I would rather drill through the tailstock, if not you have a open end of extended stock just hanging out there in the air to start drilling (and maybe start whipping about).
If the Nova may fit you needs Tools-Plus has it with a free G3 chuck and shipping for $479.
http://www.tools-plus.com/nova-lathes.html
They also have the Nova Lathes 5015 Live Center System for $70.


----------



## Wildwood (Jul 22, 2012)

Have not turned a lamp in few years but have never used a lamp auger. Bought an inexpensive set of 12" long brad point bits many years ago and the one used to drill lamps has served me well. As long as keep clearing chips have no problems. Hardest part of drilling a blank whether use a drill bit or auger is do not drill a hole too big! Measure you lamp components first.


----------



## nathanegriffin (Apr 20, 2015)

> Most probably come will a hollow tailstock.

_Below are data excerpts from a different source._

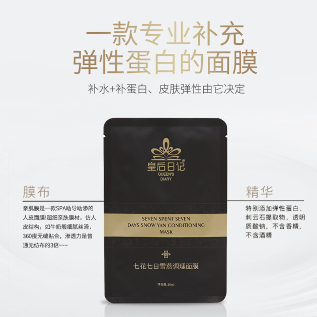 A:皇后日记品牌追求的是妆食同源,我们经过一年多的研究,以敷面膜的本草成分与现代膜材结合,推出了一款7天分时分段护理面膜和七日七花焕肤系列。因为首用之人为武则天,同时又为纪念自己的祖先,最终将这个品牌命名为皇后日记。面膜共七片,周一周二雪莲补水保湿,周三周四燕窝紧致提升,周五周六茯苓净肤亮采,周日灵芝镇静修护。
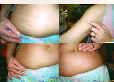 Then I was back in my bed and, for a while, I could not move and speak, but as soon as I could I asked my husband where did the bright light go and where did the Greys and that woman go. He said he didn't see anything as usual. I got up at 6 am, tired and drained of energy. When I went to put my clothes on I noticed whelp marks on both sides of my abdomen. My husband took pictures of them and a red area on my inner right arm. As the day went on the whelp on my abdomen got redder and looked like some kind of scratches! By night they were red. Pictures were taken of all areas that day and at night I had one appear on each upper arm. Pictures were taken of them also. I had nightmares off and on that night and more pics were taken on 12-1-2008. I had nightmares that night also. I have never seen that woman before - or shown anything or walked on that craft!! Yes, I am scared to death, but I know my life has to go on!! Just pray they don't come back!!
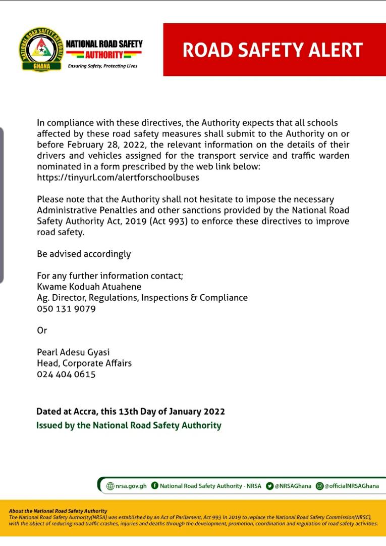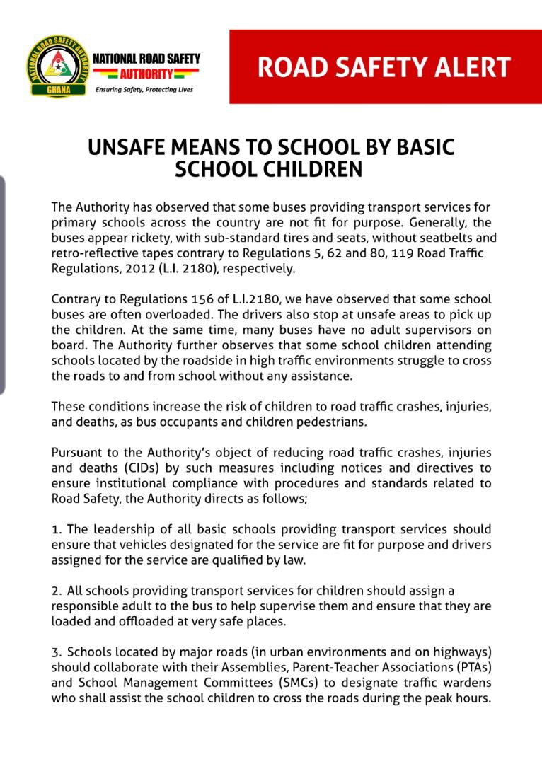 The National Road Safety Authority has directed authorities of primary schools providing transport services to ensure their vehicles are fit for purpose.

It looks like the Jet model I'm looking at does have a hollow tailstock. I did recently watch a video of a guy drilling out the middle of a flute, however, and he simply held his piece with a "jaw-like" chuck and the tail end of his piece didn't seem to go anywhere. So, I suppose like most things, there are multiple ways to skin a cat…

I hadn't heard of Nova until now and will take a look at them. It seems buying new tools these days is always something of a leap of faith but I'd like to get turning sooner than later so I need to make a decision!

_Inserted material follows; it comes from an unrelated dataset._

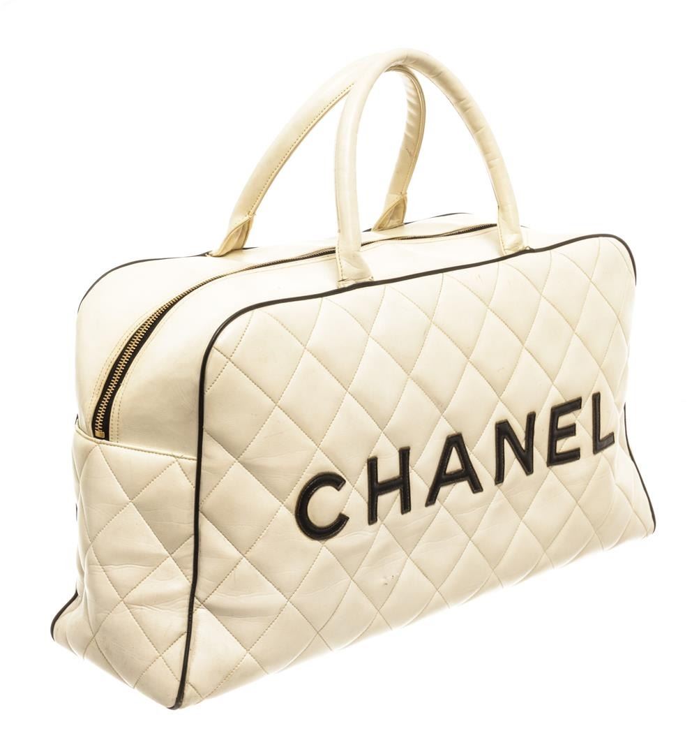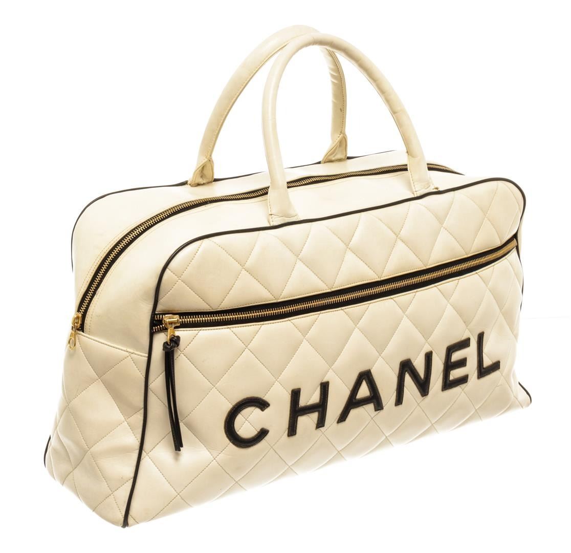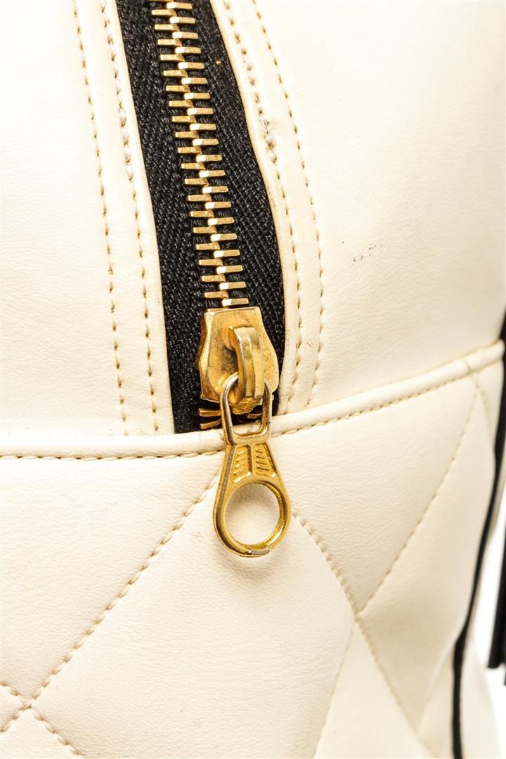 Chanel White Quilted Bowling Bag. All available information is listed in the description and shown in the photos. Chanel White Quilted Bowling Bag features gold-tone hardware, black leather lining and trim, zip pocket on the interior and exterior, with two white leather top handles and top zip closure.

Thanks for the great info!


----------



## nathanegriffin (Apr 20, 2015)

> Hardest part of drilling a blank whether use a drill bit or auger is do not drill a hole too big! Measure you lamp components first.


Are you talking pipe diameter or length? I would be drilling straight through my piece to the other end.


----------



## Wildwood (Jul 22, 2012)

Yes, if using pipe, OD's can run 1/8", 3/8", & ½" also can find short threaded pipe nipples, threaded flanged nipples with smooth ID, brass, Bakelite, & clear plastic cord bushings. 
Remember not all kits come with a pipe! Whatever you use, measuring hole diameter & depth very important!

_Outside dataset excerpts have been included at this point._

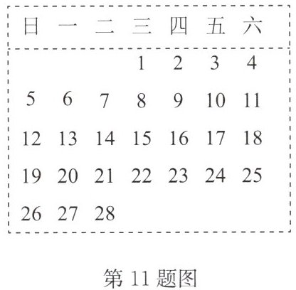 11. 如图是某月的月历,现用一个长方形在月历中任意框出$4个数\begin{array}{cc}a&b\\c&d\end{array} $,用等式表示$a$,$b$,$c$,$d$之间的关系为
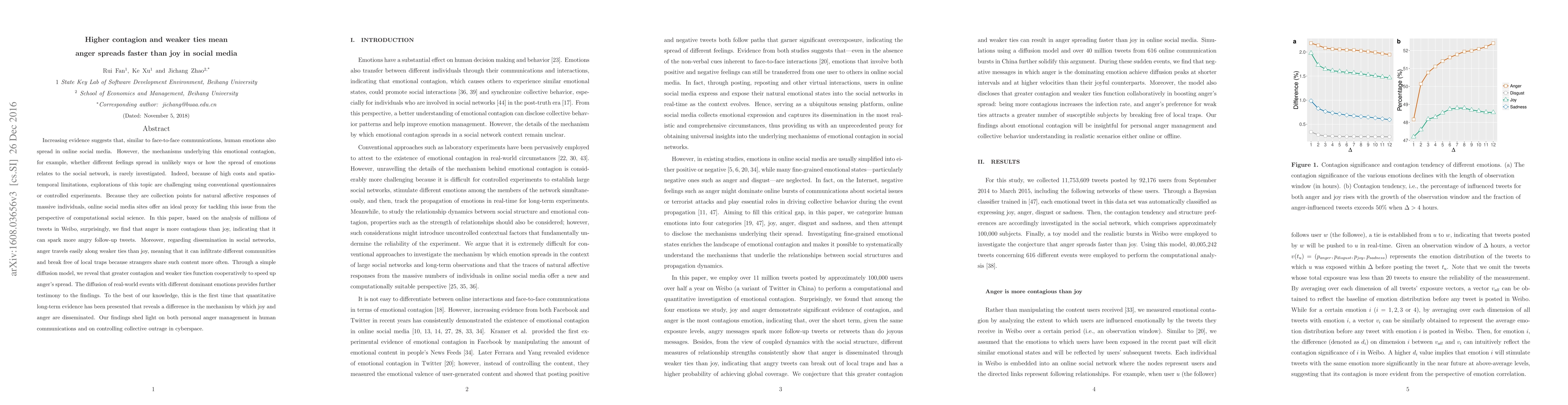 This research reveals that anger spreads faster than joy on social media due to higher contagion and its ability to traverse weaker social ties, infiltrating diverse communities. The study, based on millions of Weibo tweets, provides quantitative evidence of these mechanisms, offering insights into emotional contagion and its implications for managing collective outrage.
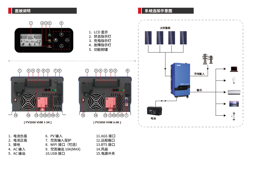 PV3000 LVHM 系列是一款工頻正弦波離網(wǎng)逆變控制一體機(jī),采用環(huán)形變壓器,大大減小了空載損耗、內(nèi)置 80A的 MPPT 充電控制器,多種設(shè)置模式,使用靈活,輸出電壓 110V, 適合部分進(jìn)口設(shè)備使用。廣泛應(yīng)用于戶用型光伏發(fā)電、工廠設(shè)備,該系列產(chǎn)品具有高穩(wěn)定性、高可靠性、高實(shí)用性。

If using 3/8" OD nipple may not need to drill the entire length that size. Just drill to proper depth and then drill smaller 3/16" hole for the cord.

Some people do not care whether have cord bushing other do! Guess lot has to do with design.

Today find pull chain, push thru, single turn knob preferred over 3 way turn knob sockets today.

I found out better to spray any brass and visible brass components with lacquer to prolong or try to keep them from tarnishing before assembly. Quality of brass plating can vary a lot on components.

On many of my early lamps used a forstner bit at the base to could feed the wire to the top! May still do that, or simply turn a recess at the bottom for that purpose.

I got a book at the library and photo copied pages that gave nomenclature of lamp components over 20 years ago, still use those pages along with kit direction if get any.


----------